CVE-2024-50278 is a vulnerability identified in the Linux kernel's device-mapper (dm) cache subsystem. The flaw arises from a potential out-of-bounds memory access during the first resume operation of the cache table when the fast device backing the cache is unexpectedly expanded. Specifically, the cache subsystem maintains in-core data structures that represent the cache table size and layout. When the fast device is expanded before the first resume, the cache table must be reloaded to allocate new data structures that fit the increased size. However, the existing check in the cache_preresume function, which verifies size consistency, is not performed during this initial resume. This omission leads to a mismatch between the in-core data structures and the actual device size, causing out-of-bounds access when the cache subsystem attempts to access or update the dirty bitset and hint arrays. The vulnerability can be reproduced by creating specific device-mapper linear devices, loading a cache table, expanding the fast device size before resuming the cache, and then suspending the cache. This sequence triggers the out-of-bounds access, which has been detected by Kernel Address Sanitizer (KASAN) as a vmalloc-out-of-bounds read. The root cause is a missing size validation on the first resume, which has been addressed by adding a check to ensure the in-core data structures are properly sized before resuming the cache. This vulnerability is significant because it can lead to memory corruption within the kernel space, potentially causing system instability, crashes (kernel panic), or enabling an attacker to execute arbitrary code with kernel privileges if exploited. The vulnerability affects Linux kernel versions identified by the provided commit hash (f494a9c6b1b6dd9a9f21bbb75d9210d478eeb498) and likely other versions containing the same dm cache implementation prior to the fix. No known exploits are reported in the wild as of the publication date (November 19, 2024).
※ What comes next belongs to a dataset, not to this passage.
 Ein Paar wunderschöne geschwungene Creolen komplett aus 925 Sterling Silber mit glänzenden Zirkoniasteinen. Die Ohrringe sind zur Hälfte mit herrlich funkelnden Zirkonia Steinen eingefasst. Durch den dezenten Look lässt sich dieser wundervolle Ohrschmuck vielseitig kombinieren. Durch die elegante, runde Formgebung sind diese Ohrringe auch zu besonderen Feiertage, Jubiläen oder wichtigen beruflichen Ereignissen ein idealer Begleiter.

For European organizations, this vulnerability poses a critical risk primarily to systems running Linux kernels with the affected device-mapper cache implementation. The device-mapper is widely used in enterprise Linux distributions for managing logical volumes, caching, and storage optimization. Organizations relying on Linux servers for critical infrastructure, cloud services, data centers, or embedded systems could experience kernel crashes or potential privilege escalation if attackers exploit this flaw. The out-of-bounds access could be leveraged to corrupt kernel memory, leading to denial of service or potentially arbitrary code execution with root privileges. This is particularly concerning for sectors with high reliance on Linux-based infrastructure such as finance, telecommunications, government, and critical manufacturing. The vulnerability requires local access to the system to trigger the specific device-mapper commands, which somewhat limits remote exploitation but does not eliminate risk from insider threats or compromised accounts. Additionally, automated attack tools or malware could exploit this vulnerability to escalate privileges or destabilize systems. The lack of known exploits currently provides a window for mitigation, but the severity of the flaw demands prompt patching to prevent future exploitation. The impact on confidentiality, integrity, and availability is high due to the kernel-level nature of the vulnerability.
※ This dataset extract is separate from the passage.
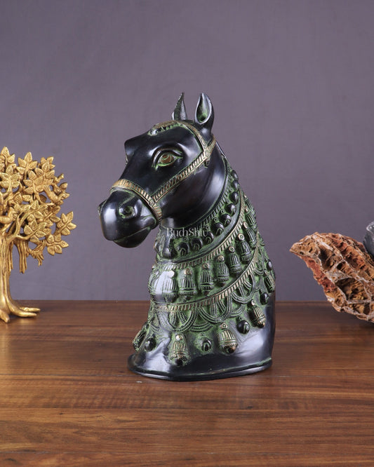 Pure Brass Horse Head Showpiece - Black and Green Antique Tone | 11 Inch

European organizations should implement the following specific mitigation steps: 1) Identify and inventory Linux systems using device-mapper cache functionality, especially those running kernel versions prior to the fix commit. 2) Apply the official Linux kernel patches that address CVE-2024-50278 as soon as they become available from trusted sources or Linux distribution vendors. 3) If immediate patching is not feasible, restrict access to device-mapper management tools (e.g., dmsetup) to trusted administrators only, minimizing the risk of unauthorized local exploitation. 4) Monitor system logs and kernel messages for suspicious device-mapper activity or kernel warnings related to cache resume/suspend operations. 5) Employ kernel hardening techniques such as Kernel Address Sanitizer (KASAN) in test environments to detect similar memory issues proactively. 6) Conduct regular security audits and vulnerability scans focusing on kernel and storage subsystem components. 7) Educate system administrators about the risks of device-mapper misuse and ensure strict access controls on systems with critical workloads. These measures go beyond generic advice by focusing on the specific subsystem and operational context of the vulnerability.